▶ [Problem] Every line of the listing belongs in your answer exactly as written; the images do not.

▶ [Data block]
BEGIN
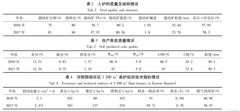 ( 1) 2017 年河鋼邯鋼鐵前系統(tǒng)通過改善入爐原燃料質(zhì)量、優(yōu)化高爐各項操作制度、加強(qiáng)日常外圍管理等措施,在實現(xiàn)爐況穩(wěn)定順行基礎(chǔ)上,經(jīng)濟(jì)指標(biāo)得到大幅改善,其中焦比較 2016 年降低了 69 kg /t,煤比升高了 47 kg /t,燃料比降低了 22 kg /t,實現(xiàn)了降本增效。
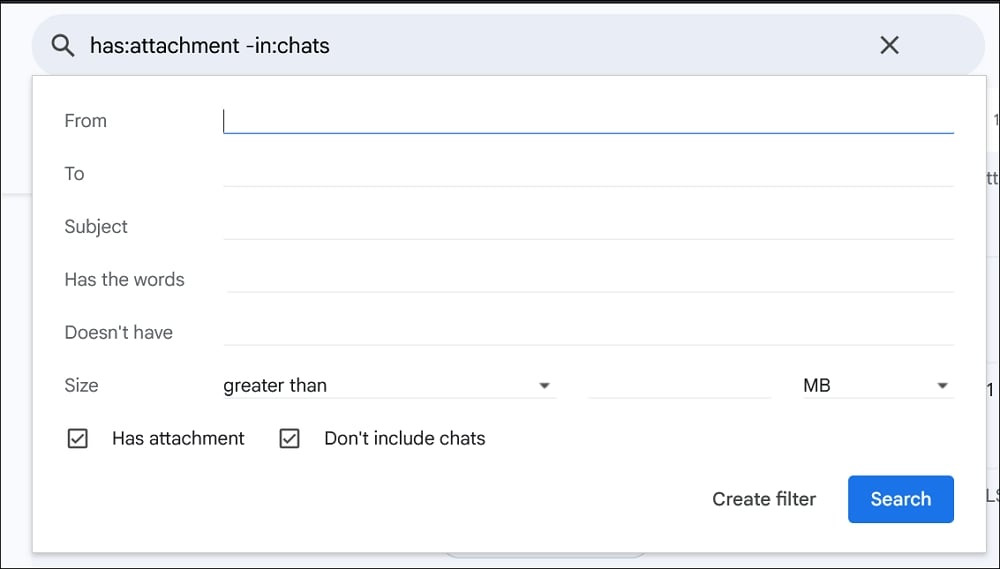 '포함' 단어, '포함하지 않음', '크기' 등의 필터를 사용하여 누락된 이메일을 찾으세요.
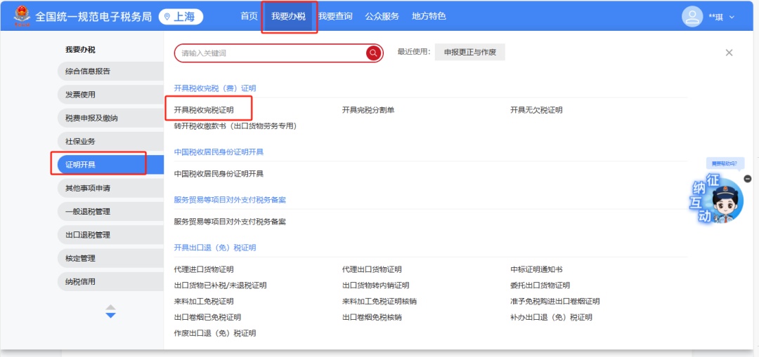 新电子税局办理路径:我要办税-【证明开具】-【开具税收完税证明】。
END
▶ [Finished exercise]
 ( 1) 2017 年河鋼邯鋼鐵前系統(tǒng)通過改善入爐原燃料質(zhì)量、優(yōu)化高爐各項操作制度、加強(qiáng)日常外圍管理等措施,在實現(xiàn)爐況穩(wěn)定順行基礎(chǔ)上,經(jīng)濟(jì)指標(biāo)得到大幅改善,其中焦比較 2016 年降低了 69 kg /t,煤比升高了 47 kg /t,燃料比降低了 22 kg /t,實現(xiàn)了降本增效。
 '포함' 단어, '포함하지 않음', '크기' 등의 필터를 사용하여 누락된 이메일을 찾으세요.
 新电子税局办理路径:我要办税-【证明开具】-【开具税收完税证明】。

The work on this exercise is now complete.